И вдруг, как будто почувствовав, что сейчас произойдет что-то ужасное, я уставился на притормозивший впереди меня автобус пазик. И тут же из-за его кабины на дорогу вышел шатающийся пьяный мужчина и попытался перейти улицу. И в тот же момент его сбил набитый под завязку пассажирами городской автобус 144-го маршрута, обгонявший пазик по встречной полосе.
Я видел и слышал, как 144-й ударил пьяного. Это был страшный удар. С зловещим треском и скрежетом… всхлипом и чмоком… как будто лежащую на наковальне конскую тушу ударил мясник-великан трехметровым медным молотком.

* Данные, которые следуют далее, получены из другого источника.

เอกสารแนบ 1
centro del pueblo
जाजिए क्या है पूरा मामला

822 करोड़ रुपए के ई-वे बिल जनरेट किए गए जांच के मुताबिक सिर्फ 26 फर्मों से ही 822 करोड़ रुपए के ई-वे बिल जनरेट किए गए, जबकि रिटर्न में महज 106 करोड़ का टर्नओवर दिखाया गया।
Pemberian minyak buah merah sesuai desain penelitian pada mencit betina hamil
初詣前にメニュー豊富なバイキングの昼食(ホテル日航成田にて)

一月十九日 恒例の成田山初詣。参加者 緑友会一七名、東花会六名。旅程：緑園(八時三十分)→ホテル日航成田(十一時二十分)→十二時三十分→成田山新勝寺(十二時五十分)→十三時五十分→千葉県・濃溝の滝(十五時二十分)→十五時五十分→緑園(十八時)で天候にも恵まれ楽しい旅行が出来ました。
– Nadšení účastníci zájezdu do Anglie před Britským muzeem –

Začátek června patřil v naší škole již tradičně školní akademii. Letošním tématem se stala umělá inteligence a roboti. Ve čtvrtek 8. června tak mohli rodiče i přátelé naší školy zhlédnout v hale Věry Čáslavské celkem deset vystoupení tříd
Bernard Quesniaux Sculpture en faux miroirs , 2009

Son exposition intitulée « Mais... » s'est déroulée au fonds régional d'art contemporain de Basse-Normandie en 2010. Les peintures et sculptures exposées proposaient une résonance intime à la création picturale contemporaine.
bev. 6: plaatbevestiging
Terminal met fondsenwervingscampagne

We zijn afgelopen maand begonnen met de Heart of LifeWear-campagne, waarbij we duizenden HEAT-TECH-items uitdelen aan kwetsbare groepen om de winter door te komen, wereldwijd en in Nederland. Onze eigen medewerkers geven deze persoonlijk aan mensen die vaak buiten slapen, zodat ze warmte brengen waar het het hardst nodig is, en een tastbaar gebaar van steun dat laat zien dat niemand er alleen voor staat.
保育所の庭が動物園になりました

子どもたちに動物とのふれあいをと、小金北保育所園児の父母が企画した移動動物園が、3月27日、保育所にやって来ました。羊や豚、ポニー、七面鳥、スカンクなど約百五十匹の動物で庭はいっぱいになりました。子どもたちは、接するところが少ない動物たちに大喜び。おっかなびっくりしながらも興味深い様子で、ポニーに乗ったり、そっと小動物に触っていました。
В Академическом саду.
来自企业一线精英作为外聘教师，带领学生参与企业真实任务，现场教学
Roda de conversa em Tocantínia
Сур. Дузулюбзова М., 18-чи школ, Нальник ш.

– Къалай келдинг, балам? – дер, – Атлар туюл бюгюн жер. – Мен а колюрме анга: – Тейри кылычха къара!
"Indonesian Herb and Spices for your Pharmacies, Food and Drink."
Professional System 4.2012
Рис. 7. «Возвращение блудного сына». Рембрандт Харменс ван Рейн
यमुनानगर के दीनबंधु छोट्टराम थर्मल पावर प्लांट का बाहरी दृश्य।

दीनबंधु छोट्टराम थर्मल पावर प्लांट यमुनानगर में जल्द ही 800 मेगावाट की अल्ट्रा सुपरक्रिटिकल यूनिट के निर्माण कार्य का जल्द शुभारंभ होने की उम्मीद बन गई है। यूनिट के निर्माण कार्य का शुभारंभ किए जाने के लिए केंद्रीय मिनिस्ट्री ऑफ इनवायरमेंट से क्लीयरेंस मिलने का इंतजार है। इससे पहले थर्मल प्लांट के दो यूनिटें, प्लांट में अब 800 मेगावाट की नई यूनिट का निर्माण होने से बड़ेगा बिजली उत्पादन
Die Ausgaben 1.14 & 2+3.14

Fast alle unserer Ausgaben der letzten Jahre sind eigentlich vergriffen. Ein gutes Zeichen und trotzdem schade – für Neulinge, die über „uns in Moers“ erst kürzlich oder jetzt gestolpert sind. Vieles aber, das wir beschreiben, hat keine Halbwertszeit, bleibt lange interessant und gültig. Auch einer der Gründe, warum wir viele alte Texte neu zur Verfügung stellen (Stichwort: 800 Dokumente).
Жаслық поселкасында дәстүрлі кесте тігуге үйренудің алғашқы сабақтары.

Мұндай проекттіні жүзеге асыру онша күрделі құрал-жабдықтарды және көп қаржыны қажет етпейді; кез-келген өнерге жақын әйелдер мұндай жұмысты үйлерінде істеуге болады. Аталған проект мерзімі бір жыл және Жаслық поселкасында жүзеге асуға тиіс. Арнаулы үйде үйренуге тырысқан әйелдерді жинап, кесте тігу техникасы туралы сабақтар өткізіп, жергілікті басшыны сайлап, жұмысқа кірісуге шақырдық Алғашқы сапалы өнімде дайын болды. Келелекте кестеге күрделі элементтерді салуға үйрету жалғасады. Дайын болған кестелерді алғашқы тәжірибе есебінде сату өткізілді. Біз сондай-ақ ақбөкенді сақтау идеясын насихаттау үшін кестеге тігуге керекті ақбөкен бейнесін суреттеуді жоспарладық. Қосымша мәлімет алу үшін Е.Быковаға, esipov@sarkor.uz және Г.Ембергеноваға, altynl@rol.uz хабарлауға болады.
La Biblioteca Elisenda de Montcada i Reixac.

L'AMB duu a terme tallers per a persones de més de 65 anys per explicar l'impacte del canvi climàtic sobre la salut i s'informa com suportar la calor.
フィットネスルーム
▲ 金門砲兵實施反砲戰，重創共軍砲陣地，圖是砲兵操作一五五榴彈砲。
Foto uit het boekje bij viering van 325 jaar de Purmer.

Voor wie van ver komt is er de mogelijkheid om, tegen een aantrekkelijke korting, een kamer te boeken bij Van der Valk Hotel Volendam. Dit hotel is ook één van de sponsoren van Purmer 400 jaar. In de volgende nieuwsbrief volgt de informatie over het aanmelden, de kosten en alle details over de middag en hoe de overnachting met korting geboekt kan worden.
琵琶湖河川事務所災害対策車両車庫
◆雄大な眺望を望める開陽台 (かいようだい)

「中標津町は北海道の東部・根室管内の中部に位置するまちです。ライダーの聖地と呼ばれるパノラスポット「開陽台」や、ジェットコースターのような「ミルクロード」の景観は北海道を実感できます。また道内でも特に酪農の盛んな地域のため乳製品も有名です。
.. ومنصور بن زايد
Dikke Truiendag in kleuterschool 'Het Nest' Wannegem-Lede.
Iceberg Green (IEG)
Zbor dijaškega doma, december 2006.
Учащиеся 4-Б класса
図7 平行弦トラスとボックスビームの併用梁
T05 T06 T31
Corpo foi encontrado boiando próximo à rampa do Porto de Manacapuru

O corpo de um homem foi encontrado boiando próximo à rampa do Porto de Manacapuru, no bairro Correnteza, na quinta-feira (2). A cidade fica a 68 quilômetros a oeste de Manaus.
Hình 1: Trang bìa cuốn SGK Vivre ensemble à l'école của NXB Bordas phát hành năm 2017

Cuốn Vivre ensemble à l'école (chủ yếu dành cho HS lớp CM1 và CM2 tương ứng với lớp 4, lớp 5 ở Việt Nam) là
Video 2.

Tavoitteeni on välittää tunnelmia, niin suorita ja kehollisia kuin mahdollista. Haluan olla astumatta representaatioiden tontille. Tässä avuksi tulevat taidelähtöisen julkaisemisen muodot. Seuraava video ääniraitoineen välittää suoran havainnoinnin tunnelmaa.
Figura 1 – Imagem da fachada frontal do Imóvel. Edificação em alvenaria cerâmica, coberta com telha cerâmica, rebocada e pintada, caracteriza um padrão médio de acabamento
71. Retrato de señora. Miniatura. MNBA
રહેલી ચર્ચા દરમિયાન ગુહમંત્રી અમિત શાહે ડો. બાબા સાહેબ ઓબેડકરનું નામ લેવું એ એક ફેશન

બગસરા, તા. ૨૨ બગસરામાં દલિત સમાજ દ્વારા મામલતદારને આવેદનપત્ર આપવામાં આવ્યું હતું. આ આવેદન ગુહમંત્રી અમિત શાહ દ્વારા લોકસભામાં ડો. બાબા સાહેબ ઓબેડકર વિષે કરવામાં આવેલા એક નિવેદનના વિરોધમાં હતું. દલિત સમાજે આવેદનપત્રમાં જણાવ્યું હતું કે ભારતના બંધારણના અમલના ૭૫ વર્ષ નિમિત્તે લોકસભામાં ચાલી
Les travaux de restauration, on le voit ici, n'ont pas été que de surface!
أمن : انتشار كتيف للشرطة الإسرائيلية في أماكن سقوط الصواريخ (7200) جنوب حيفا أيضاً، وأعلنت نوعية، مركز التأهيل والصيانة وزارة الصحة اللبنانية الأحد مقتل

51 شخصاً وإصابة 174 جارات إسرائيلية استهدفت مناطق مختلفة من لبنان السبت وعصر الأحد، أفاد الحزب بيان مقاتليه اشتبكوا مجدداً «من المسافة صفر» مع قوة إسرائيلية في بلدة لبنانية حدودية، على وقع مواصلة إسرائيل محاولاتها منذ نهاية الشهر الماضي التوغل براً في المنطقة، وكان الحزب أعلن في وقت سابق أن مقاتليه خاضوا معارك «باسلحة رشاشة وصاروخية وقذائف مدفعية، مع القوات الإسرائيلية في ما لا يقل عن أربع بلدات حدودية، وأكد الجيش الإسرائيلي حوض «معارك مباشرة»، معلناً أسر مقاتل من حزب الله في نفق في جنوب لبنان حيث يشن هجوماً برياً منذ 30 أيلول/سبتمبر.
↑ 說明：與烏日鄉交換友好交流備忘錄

Бедняга пролетел метров тридцать и приземлился уже не человеком, а измятой, изодранной куклой с расщепленными костями. Ботинки его улетели как грачи метров на двадцать дальше тела. А окровавленная его кепка, упала, возвратясь как бумеранг, прямо мне под ноги.
Я ощутил, как время убийственно замедляется. Оно почти остановилось в тот момент, когда произошло столкновение автобуса с человеческим телом. А потом медленно-медленно начало ускоряться. Я наблюдал полет мертвеца, как мне показалось, минуты три, хотя в реальности это были секунды.
Я поднял кепку и кинулся к телефонной будке. Говорил со скорой как будто не я. Бросил трубку и побежал к телу, чтобы положить кепку рядом с ним. Почему-то мне казалось это чрезвычайно важным делом. Мертвец лежал чудовищно неправильно. Руки и ноги его не были соединены суставами с туловищем, их удерживала только кожа и одежда. Голова с выбитыми, висящими на веревочках глазами, покоилась на его колене. Кто-то уже положил рядом с ним его ботинки.